EXERCISE BRIEF
Transcribe nothing except the lines below that run from the one with "President elect 2009" to the one with "We provide comprehensive", ends included, and do not copy any picture.

Excerpts from a dataset
╭──
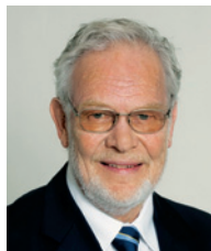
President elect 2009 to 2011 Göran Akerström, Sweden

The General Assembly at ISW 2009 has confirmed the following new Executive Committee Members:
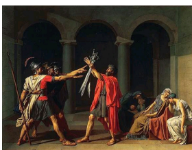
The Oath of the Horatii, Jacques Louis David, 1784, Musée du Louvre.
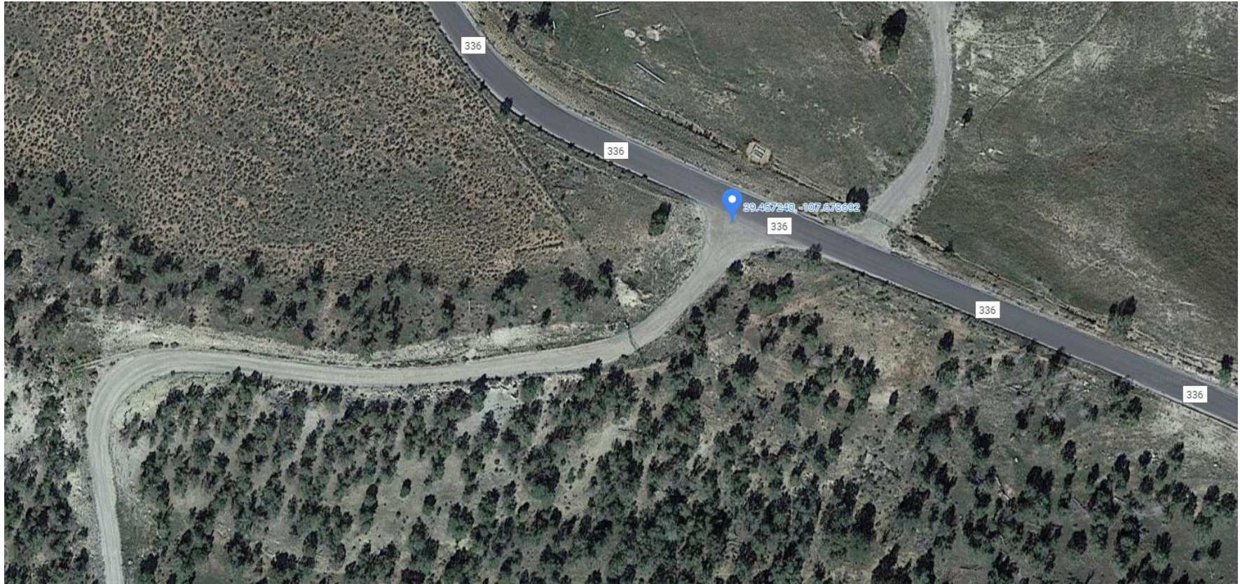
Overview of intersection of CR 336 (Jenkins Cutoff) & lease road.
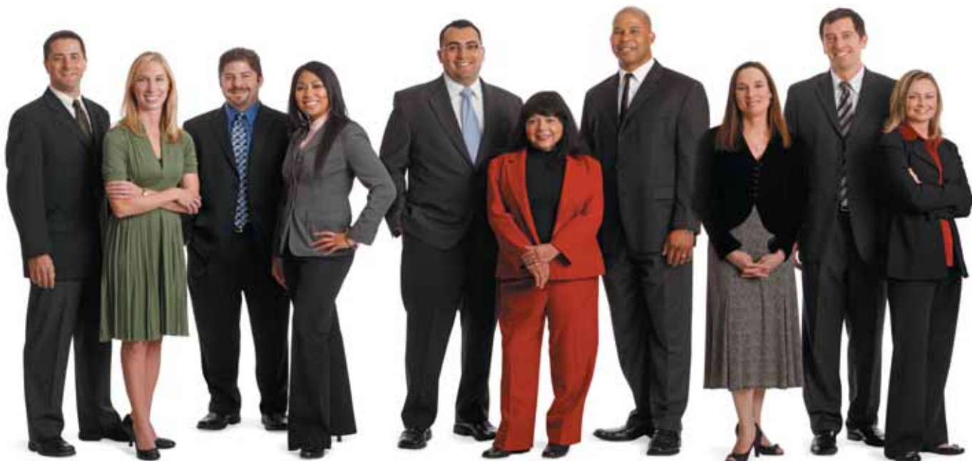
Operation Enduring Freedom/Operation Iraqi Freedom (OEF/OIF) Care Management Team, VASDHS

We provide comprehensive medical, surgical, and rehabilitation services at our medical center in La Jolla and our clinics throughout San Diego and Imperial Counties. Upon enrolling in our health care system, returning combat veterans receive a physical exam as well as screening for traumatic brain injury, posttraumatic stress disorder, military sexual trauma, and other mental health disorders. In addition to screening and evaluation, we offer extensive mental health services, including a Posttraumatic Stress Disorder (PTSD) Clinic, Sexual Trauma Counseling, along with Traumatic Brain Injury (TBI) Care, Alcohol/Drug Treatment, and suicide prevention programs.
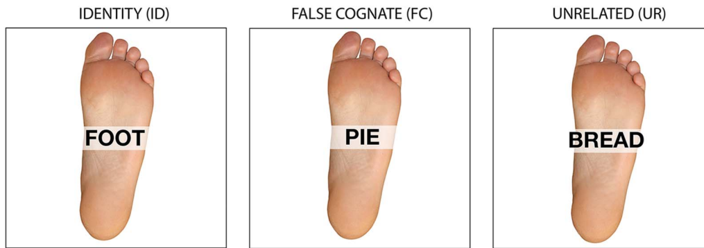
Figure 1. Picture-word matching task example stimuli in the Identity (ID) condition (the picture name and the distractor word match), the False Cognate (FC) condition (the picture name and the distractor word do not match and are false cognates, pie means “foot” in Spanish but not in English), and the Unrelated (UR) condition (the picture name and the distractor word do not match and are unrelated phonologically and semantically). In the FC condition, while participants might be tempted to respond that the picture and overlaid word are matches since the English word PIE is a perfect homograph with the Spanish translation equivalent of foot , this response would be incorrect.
╰──
╭──
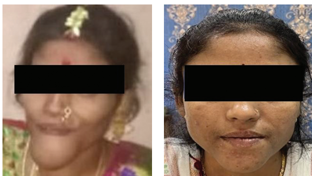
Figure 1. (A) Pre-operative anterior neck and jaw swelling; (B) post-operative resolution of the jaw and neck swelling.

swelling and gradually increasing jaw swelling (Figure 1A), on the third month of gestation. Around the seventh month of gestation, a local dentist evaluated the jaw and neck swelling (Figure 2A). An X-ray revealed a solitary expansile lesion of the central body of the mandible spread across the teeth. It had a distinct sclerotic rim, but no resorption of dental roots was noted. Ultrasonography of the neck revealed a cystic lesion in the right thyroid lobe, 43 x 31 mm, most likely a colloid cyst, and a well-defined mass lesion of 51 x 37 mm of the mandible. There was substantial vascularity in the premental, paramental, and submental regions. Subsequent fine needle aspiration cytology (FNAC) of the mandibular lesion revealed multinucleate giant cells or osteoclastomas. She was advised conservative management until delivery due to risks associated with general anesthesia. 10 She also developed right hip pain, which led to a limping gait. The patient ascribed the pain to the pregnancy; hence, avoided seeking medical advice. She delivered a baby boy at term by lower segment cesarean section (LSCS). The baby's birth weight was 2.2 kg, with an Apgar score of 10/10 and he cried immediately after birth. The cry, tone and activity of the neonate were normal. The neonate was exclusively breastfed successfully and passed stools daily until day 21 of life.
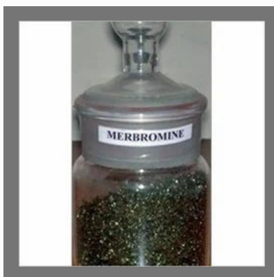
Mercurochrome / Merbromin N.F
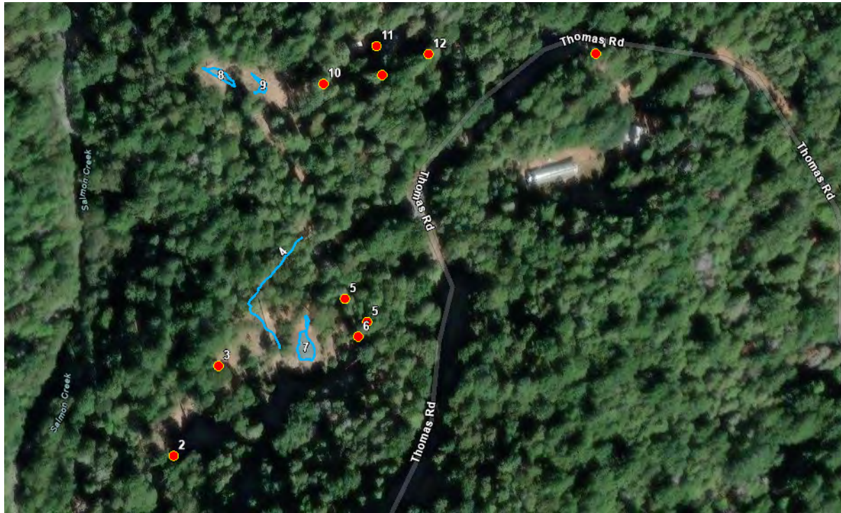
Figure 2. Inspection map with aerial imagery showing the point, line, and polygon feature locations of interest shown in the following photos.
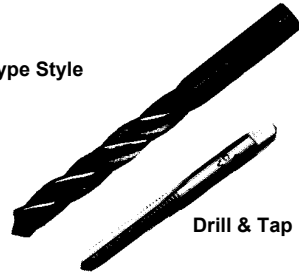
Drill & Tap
╰──
TASK OUTPUT
President elect 2009 to 2011 Göran Akerström, Sweden

The General Assembly at ISW 2009 has confirmed the following new Executive Committee Members:
The Oath of the Horatii, Jacques Louis David, 1784, Musée du Louvre.
Overview of intersection of CR 336 (Jenkins Cutoff) & lease road.
Operation Enduring Freedom/Operation Iraqi Freedom (OEF/OIF) Care Management Team, VASDHS

We provide comprehensive medical, surgical, and rehabilitation services at our medical center in La Jolla and our clinics throughout San Diego and Imperial Counties. Upon enrolling in our health care system, returning combat veterans receive a physical exam as well as screening for traumatic brain injury, posttraumatic stress disorder, military sexual trauma, and other mental health disorders. In addition to screening and evaluation, we offer extensive mental health services, including a Posttraumatic Stress Disorder (PTSD) Clinic, Sexual Trauma Counseling, along with Traumatic Brain Injury (TBI) Care, Alcohol/Drug Treatment, and suicide prevention programs.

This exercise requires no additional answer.